Early and efficient patient referral is a critical step in the ability of potential candidates to access CAR-T therapy. Despite improvements in centre qualification and availability, regulatory and reimbursement frameworks, and addressing the educational needs of the various members of the health care team, referring haematologists and oncologists identify major barriers to prescribing CAR-T therapy, including cumbersome logistics, high cost and toxicity, and clinical challenges, such as deterioration of the patient prior to CAR-T administration and the need for bridging chemotherapy while awaiting manufacturing (Chavarría 2021).

Pathways for referral vary between countries and regions, but generally, patients are referred to the regional CAR-T specialist multidisciplinary team (MDT) according to agreed pathways, which in turn, may be linked with national committees often necessary for additional clinical support and/or to confirm funding. These specialist MDTs confirm patient eligibility in line with the manufacturer’s licence and based on diagnosis, age, fitness, disease, and treatment stage. Thereafter, the CAR-T centres will arrange to assess the patient directly (with their carers) and provide detailed information enabling the patient to understand the potential benefits, risks, and complications of treatment and to provide informed consent.

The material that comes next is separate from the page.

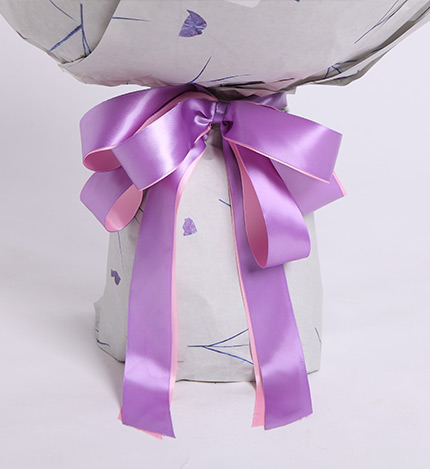 内层粉色厚棉纸 外层银灰色短平板印花树叶草 粉紫双色缎带

Irrespective of the treatment site, clinicians must consider the eligibility of potential patients for CAR-T cells at an early stage so that strategic decisions can be made regarding the best therapeutic pathway. Eligibility should be directly confirmed with regard to age, fitness, disease, and treatment stage. In addition, referring clinicians should inform their patients of the potential of using CAR-T cells in their treatment early in the pathway, especially if treatment may take place in another centre some distance from their home or base centre (Gajra et al. 2020). In addition to confirmation of eligibility and logistical arrangements with the treatment site, prompt referral and good communication are also desirable to plan the salvage protocol for bridging CAR-T therapy, particularly because defined recovery periods may be required before leukapheresis and the quality of circulating T-cells may decrease with increasing chemotherapy exposure. Sometimes patients without a high peripheral disease burden and sufficient circulating T-cells (e.g., total lymphocyte count of >0.5 × 109/L or a peripheral blood CD3 count of >150 per μl) may be able to undergo leukapheresis for CAR-T cells before starting salvage therapy for relapse. For other patients, planning bridging therapy with the CAR-T therapy centre will be necessary. Therapies likely to significantly impair lymphocyte number and/or function should be avoided to allow successful leukapheresis for CAR-T cell therapy. Therefore, careful scheduling and prioritization of patients is required, including planning for leukapheresis, particularly given that CAR-T manufacture can take over one month. Finally, capacity planning is required for subsequent stages of care in the CAR-T centre, and later, shared care arrangements will enable continuity of care after a patient returns home (Maus and Levine 1996).

FormalPara Key Points

  • Prompt early patient referral from the base hospital to the treatment centre facilitates various aspects of the planning for CAR-T therapy.

  • The learning curve in the CAR-T therapy framework will also inform and facilitate the management and referral of patients for other advanced therapy medicinal products.